Даниил Лукич Мордовцев

Россия державная

Творчество писателя и историка Даниила Лукича Мордовцева (1830–1905) обширно и разнообразно. Его многочисленные исторические сочинения, как художественные, так и документальные, всегда с большим интересом воспринимались современным читателем, неоднократно переиздавались и переводились на многие языки. В данном томе представлен роман Мордовцева «Царь и гетман». В нем автор раскрывает сложные отношения Петра I и гетмана Мазепы, а также проливает новый свет на события Полтавской битвы, затронувшие судьбы русского, белорусского, украинского и польского народов.

Даниил Лукич Мордовцев

Царь и гетман

© ООО ТД «Издательство Мир книги», оформление, 2009

© ООО «РИЦ Литература», 2009

* * *

Часть первая

I

Царь Петр Алексеевич осматривает работы, производимые под наблюдением старого Виниуса в новоотвоеванном у шведов Шлиссельбурге.

Работа идет напряженно, нервно, сообразно той страстной возбужденности, с которой неугомонный царь в своем меркуриевом беге за Европою делает каждый свой быстрый шаг, кладет кирпич на кирпич в этой вавилонской башне, в которую он обратил всю Россию, как бы желая скорее добраться до неба, захватить у времени и у истории все, что потеряла Россия в течение не одного столетия спячки, застоя и внутренних неладиц.

Со всего северо-восточного клина России согнаны десятки тысяч рабочих к этому крепкому Орешку, который, как прославляли хвалители царя, удалось, наконец, разгрызть всесокрушающим зубам российского льва.

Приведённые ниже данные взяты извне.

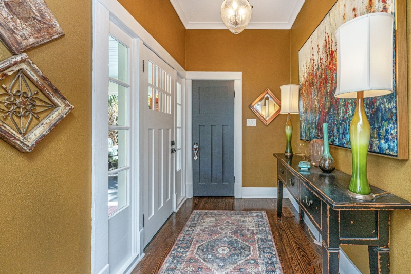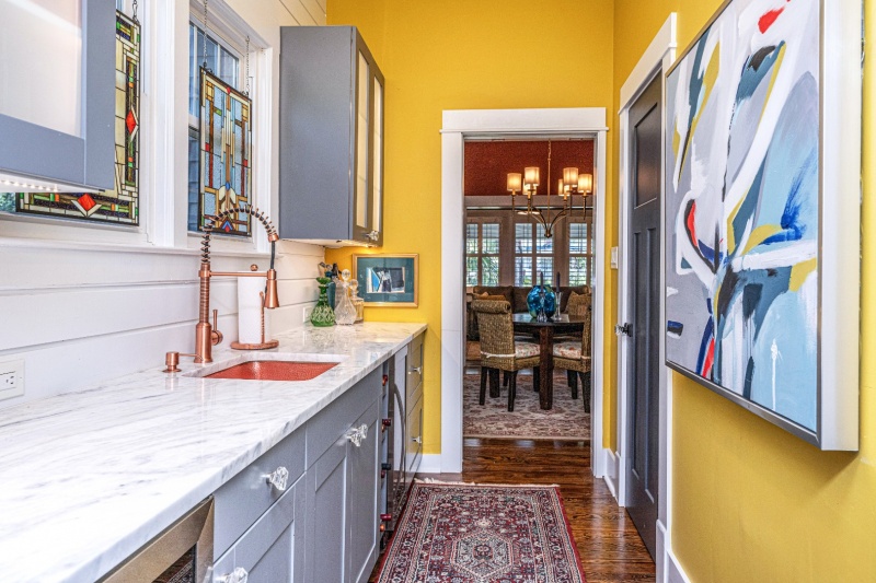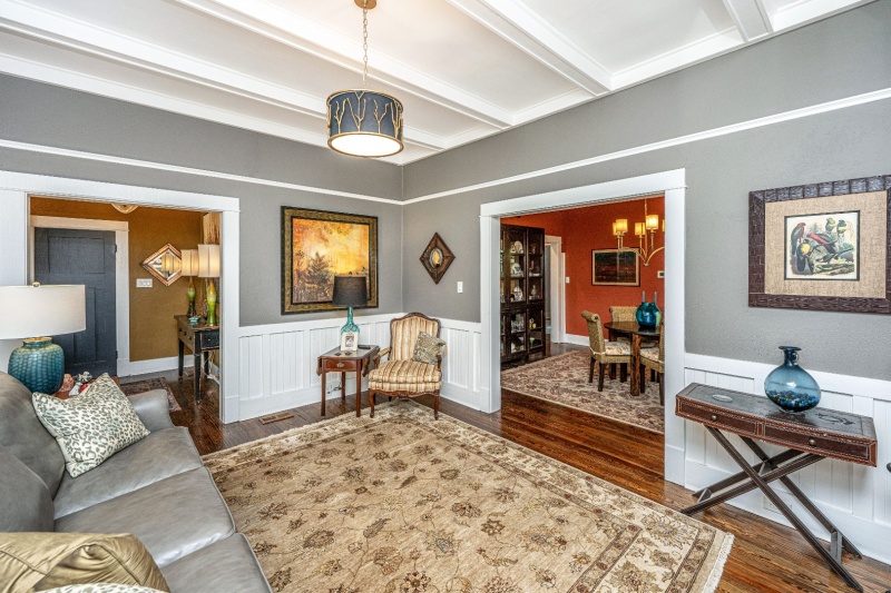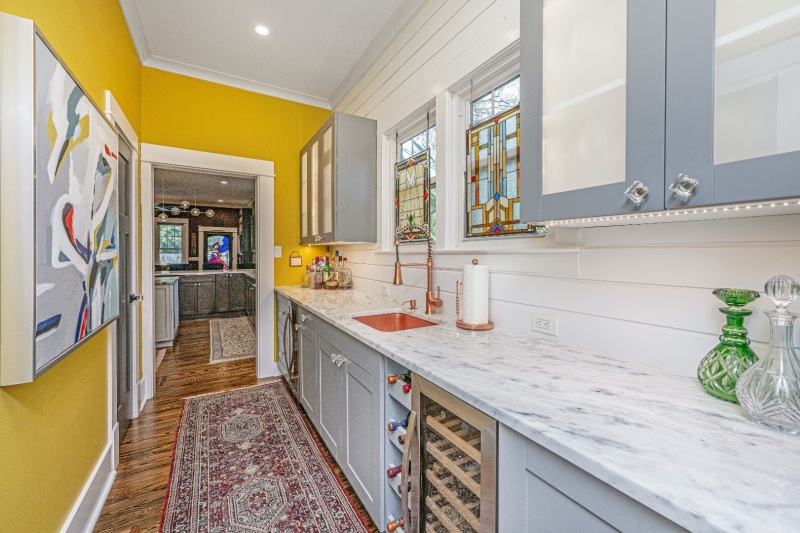 Welcome to one of the most remarkable homes in Walterboro! Originally built in 1905 and beautifully renovated, this 3-bedroom, 2.5-bath home spans approximately 2,550 square feet and is registered as a historic property. From the moment you arrive, the charm is undeniable — featuring an inviting front porch with elegant copper lamps, wide brick steps, and lush landscaping that create a warm Lowcountry welcome. Inside, no detail has been overlooked. The home features new plumbing, wiring, roof, and appliances, while preserving its timeless character. The soaring beam ceilings, heavy crown moldings, bold wainscoting and custom cabinetry pair perfectly with gleaming quartz and marble/limestone counter tops, tile accents, and refinished hardwood floors that flow seamlessly throughout.

Тысячи тачек неистово скрипят своими немазаными колесами, «словно лебеди распущенные». Тысячи лопат в несколько часов срывают до основания горы и в других местах громоздят новые: не надо там, где было, – надо там, где не было. Надо все сызнова, с корня, с листьев до почек перевернуть старое дерево…

А царь-непоседа все торопит, все гонит, показываясь с своею геркулесовскою дубинкою то на том месте работ, то на другом. То падает его гигантская тень с крепостной стены на воду, на насыпи, то вырастает вдруг словно из земли между землекопами в канавах, и рабочие вздрагивают при виде этой колоссальной фигуры, и лопаты, тачки, заступы, топоры шибко, лихорадочно двигаются, словно бы в такт учащенному биению пульса великана, который заставляет учащенно и усиленно биться пульс всей Русской земли.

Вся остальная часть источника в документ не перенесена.